Working data =>
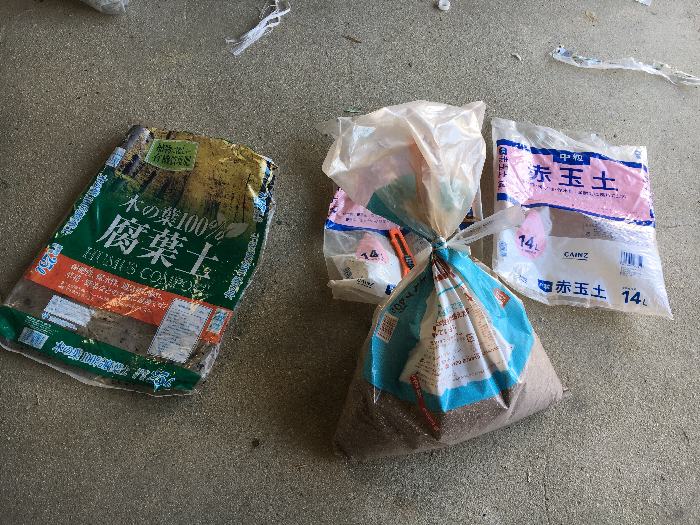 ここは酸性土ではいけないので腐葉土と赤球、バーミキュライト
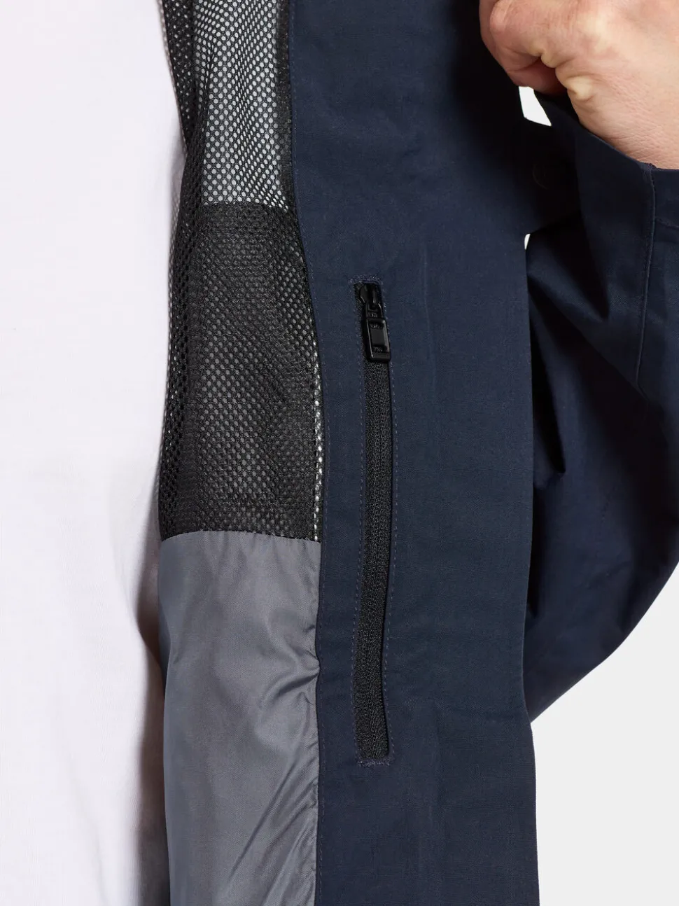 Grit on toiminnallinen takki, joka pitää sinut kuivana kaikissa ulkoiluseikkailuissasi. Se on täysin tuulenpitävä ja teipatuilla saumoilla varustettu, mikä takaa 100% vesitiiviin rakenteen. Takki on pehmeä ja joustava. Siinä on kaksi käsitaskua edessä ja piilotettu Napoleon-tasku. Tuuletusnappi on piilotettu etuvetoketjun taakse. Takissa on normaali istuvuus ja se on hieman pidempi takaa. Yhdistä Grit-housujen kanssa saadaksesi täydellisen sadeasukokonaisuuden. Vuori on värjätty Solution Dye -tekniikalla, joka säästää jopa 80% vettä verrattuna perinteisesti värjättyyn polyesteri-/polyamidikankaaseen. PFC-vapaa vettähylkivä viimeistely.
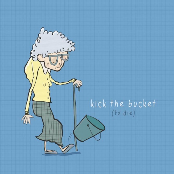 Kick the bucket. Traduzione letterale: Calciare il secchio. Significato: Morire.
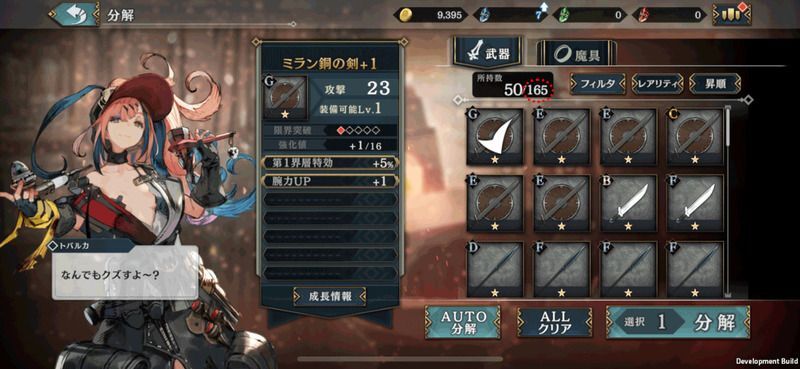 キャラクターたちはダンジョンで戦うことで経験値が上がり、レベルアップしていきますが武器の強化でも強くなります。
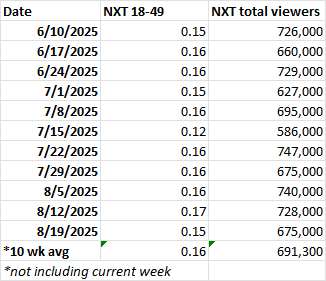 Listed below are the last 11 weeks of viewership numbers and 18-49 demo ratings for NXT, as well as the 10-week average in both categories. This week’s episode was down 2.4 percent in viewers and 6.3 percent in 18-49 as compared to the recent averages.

Activity =>
Output the line containing "Kick the bucket." and each line after it, through the end of the material, exactly as given. No pictures belong in the output.

Solution to the exercise =>
 Kick the bucket. Traduzione letterale: Calciare il secchio. Significato: Morire.
 キャラクターたちはダンジョンで戦うことで経験値が上がり、レベルアップしていきますが武器の強化でも強くなります。
 Listed below are the last 11 weeks of viewership numbers and 18-49 demo ratings for NXT, as well as the 10-week average in both categories. This week’s episode was down 2.4 percent in viewers and 6.3 percent in 18-49 as compared to the recent averages.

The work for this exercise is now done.